DATA PROVIDED:
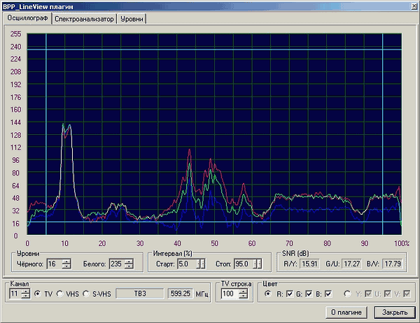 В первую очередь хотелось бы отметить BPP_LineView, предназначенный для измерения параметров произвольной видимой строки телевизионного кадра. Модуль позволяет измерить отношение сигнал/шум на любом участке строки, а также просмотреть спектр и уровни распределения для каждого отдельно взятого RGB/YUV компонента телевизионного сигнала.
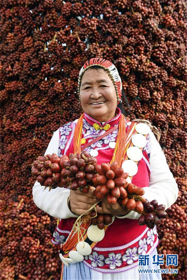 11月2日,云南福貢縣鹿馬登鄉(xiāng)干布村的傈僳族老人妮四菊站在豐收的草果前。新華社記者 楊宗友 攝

--

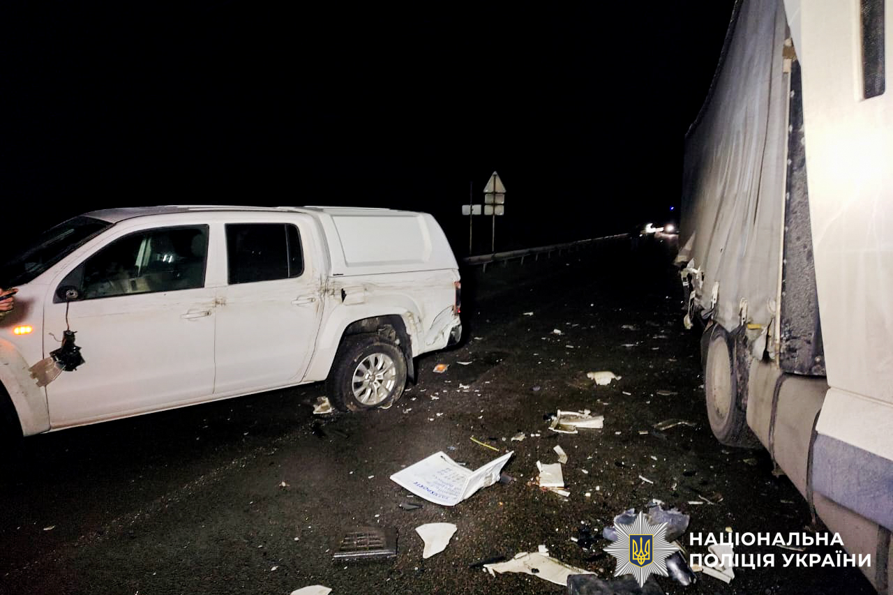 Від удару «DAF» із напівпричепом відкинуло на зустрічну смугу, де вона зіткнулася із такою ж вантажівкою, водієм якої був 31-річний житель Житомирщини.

BRIEF:
Drop the pictures; return the lines above from the line containing "В первую очередь" to the line containing "11月2日,云南福貢縣鹿馬登鄉(xiāng)干布村的傈僳族老人妮四菊站在豐收的草果前。新華社記者 楊宗友 攝", both included, exactly.

RESULT:
 В первую очередь хотелось бы отметить BPP_LineView, предназначенный для измерения параметров произвольной видимой строки телевизионного кадра. Модуль позволяет измерить отношение сигнал/шум на любом участке строки, а также просмотреть спектр и уровни распределения для каждого отдельно взятого RGB/YUV компонента телевизионного сигнала.
 11月2日,云南福貢縣鹿馬登鄉(xiāng)干布村的傈僳族老人妮四菊站在豐收的草果前。新華社記者 楊宗友 攝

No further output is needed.